Exercise requirements: Please copy the data below exactly, from its first line through the line holding "Elegantní pánský náhrdelník", and skip the pictures.

Material provided:
════
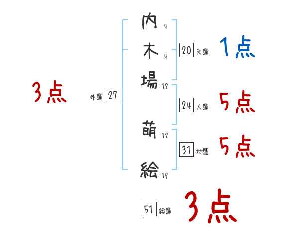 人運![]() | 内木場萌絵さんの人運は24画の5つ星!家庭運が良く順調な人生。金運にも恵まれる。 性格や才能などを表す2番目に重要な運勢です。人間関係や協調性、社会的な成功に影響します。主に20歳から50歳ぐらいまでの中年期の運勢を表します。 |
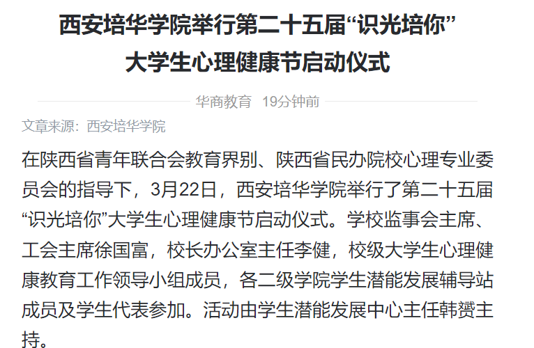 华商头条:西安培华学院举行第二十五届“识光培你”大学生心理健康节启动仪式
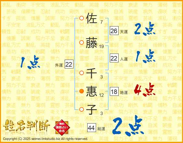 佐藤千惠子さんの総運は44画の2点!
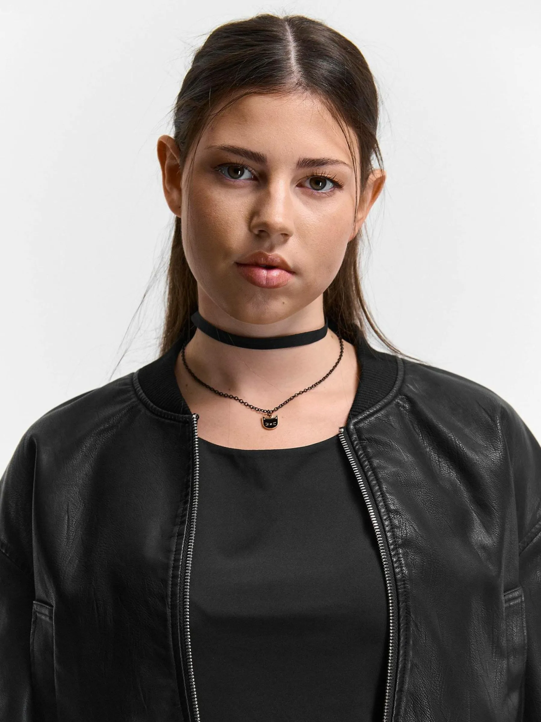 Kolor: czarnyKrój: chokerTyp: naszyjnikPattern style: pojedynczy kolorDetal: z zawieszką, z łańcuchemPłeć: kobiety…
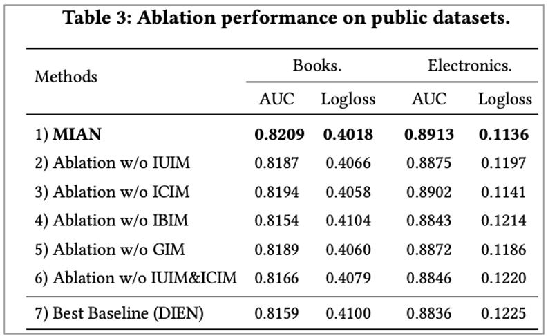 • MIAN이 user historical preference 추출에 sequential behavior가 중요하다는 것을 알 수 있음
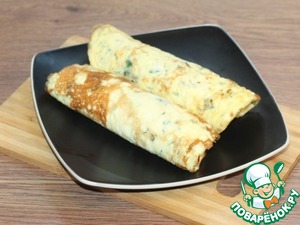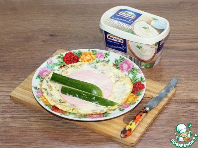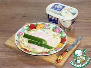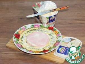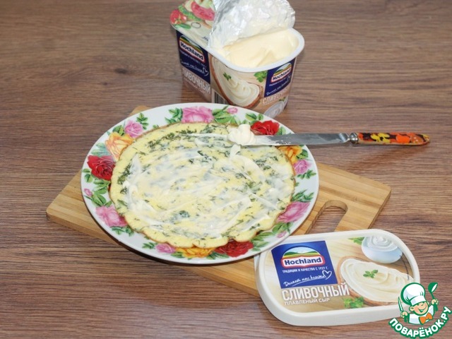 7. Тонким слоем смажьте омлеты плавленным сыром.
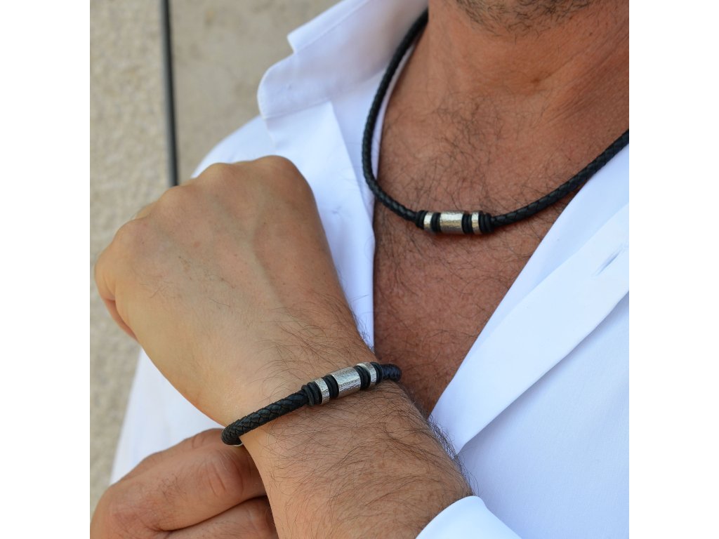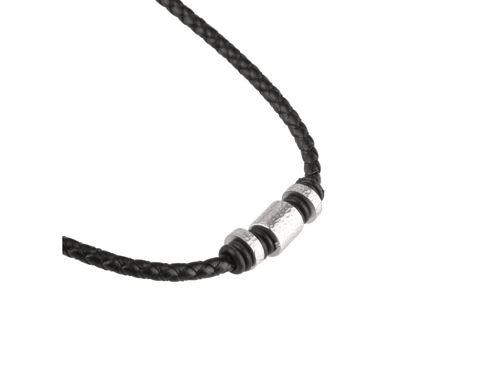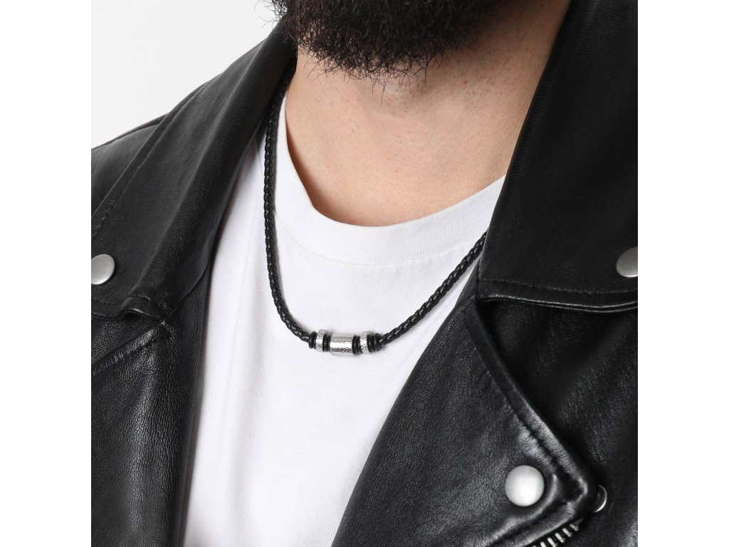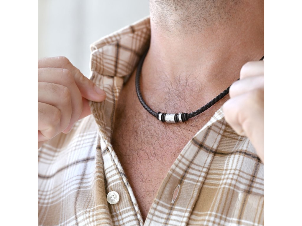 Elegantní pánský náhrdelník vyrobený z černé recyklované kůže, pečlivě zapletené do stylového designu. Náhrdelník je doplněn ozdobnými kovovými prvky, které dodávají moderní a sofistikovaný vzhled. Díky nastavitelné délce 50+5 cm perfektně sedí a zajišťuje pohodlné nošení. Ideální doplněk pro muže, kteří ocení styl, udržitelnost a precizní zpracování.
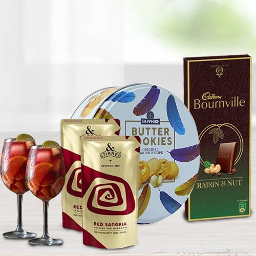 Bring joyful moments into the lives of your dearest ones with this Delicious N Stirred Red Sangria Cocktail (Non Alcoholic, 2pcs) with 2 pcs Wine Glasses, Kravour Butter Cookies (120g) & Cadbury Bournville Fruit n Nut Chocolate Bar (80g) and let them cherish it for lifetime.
════
Exercise answer:
 人運![]() | 内木場萌絵さんの人運は24画の5つ星!家庭運が良く順調な人生。金運にも恵まれる。 性格や才能などを表す2番目に重要な運勢です。人間関係や協調性、社会的な成功に影響します。主に20歳から50歳ぐらいまでの中年期の運勢を表します。 |
 华商头条:西安培华学院举行第二十五届“识光培你”大学生心理健康节启动仪式
 佐藤千惠子さんの総運は44画の2点!
 Kolor: czarnyKrój: chokerTyp: naszyjnikPattern style: pojedynczy kolorDetal: z zawieszką, z łańcuchemPłeć: kobiety…
 • MIAN이 user historical preference 추출에 sequential behavior가 중요하다는 것을 알 수 있음
 7. Тонким слоем смажьте омлеты плавленным сыром.
 Elegantní pánský náhrdelník vyrobený z černé recyklované kůže, pečlivě zapletené do stylového designu. Náhrdelník je doplněn ozdobnými kovovými prvky, které dodávají moderní a sofistikovaný vzhled. Díky nastavitelné délce 50+5 cm perfektně sedí a zajišťuje pohodlné nošení. Ideální doplněk pro muže, kteří ocení styl, udržitelnost a precizní zpracování.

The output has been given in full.